* ASSIGNMENT *
As the answer, set down the lines below from the one containing "auf 4 Rollen" through the one containing "Crafted with a", exactly and inclusively, and no others.

* Source records *
________
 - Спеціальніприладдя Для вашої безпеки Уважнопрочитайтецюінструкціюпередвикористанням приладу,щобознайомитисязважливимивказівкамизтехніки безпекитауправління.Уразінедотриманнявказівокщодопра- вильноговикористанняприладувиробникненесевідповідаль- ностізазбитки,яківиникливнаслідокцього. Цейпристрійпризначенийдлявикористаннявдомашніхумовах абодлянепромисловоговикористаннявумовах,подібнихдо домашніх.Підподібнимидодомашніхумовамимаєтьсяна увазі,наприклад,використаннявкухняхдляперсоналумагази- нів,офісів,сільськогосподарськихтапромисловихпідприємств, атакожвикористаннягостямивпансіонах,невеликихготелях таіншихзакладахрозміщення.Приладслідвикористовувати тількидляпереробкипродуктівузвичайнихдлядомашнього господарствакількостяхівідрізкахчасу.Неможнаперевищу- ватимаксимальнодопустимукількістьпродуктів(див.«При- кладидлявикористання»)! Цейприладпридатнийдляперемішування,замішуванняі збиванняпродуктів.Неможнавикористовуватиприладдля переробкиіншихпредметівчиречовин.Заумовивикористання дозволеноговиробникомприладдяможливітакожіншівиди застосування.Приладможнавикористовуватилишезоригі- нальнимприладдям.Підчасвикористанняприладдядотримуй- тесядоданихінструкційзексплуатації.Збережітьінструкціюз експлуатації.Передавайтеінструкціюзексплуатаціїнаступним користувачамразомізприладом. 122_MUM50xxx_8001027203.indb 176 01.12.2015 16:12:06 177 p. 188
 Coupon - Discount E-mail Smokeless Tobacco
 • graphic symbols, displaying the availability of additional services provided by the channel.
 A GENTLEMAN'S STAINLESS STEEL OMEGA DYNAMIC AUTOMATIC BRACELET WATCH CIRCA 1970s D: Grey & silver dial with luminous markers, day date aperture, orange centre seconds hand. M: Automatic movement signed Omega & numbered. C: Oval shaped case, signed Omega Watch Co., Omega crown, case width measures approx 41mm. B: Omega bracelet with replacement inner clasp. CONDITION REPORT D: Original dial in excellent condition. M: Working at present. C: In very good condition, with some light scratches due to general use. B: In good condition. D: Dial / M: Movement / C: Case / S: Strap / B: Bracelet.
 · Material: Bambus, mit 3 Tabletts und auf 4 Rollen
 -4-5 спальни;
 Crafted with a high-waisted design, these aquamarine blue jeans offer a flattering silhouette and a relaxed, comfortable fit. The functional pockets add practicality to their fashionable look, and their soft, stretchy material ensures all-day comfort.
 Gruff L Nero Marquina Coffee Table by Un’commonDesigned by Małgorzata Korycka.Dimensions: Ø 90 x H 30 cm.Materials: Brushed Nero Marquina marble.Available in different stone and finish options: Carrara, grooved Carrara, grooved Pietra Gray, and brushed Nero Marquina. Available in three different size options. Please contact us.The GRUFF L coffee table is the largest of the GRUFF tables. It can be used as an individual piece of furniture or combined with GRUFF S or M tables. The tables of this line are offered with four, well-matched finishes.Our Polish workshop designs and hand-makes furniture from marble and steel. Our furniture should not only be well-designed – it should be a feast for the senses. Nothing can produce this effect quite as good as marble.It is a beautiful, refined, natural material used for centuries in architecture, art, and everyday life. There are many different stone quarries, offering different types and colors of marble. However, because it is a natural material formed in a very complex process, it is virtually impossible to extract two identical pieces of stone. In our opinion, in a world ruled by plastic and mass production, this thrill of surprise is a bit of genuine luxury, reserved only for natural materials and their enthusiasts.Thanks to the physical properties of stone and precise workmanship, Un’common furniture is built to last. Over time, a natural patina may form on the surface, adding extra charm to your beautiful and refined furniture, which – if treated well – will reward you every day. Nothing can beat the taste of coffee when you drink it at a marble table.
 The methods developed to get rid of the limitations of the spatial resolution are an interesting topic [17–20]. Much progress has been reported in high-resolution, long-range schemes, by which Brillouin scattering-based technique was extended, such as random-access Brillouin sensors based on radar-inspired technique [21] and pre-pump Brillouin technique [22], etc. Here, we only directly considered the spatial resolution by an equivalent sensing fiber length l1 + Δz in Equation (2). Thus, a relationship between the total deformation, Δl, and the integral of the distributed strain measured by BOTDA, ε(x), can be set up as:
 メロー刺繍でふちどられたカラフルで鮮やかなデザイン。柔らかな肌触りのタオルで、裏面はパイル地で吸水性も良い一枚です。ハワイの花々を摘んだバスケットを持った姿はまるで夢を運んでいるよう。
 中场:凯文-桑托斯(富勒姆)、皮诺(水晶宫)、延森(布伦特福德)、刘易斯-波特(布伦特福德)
________
* TASK SOLUTION *
 · Material: Bambus, mit 3 Tabletts und auf 4 Rollen
 -4-5 спальни;
 Crafted with a high-waisted design, these aquamarine blue jeans offer a flattering silhouette and a relaxed, comfortable fit. The functional pockets add practicality to their fashionable look, and their soft, stretchy material ensures all-day comfort.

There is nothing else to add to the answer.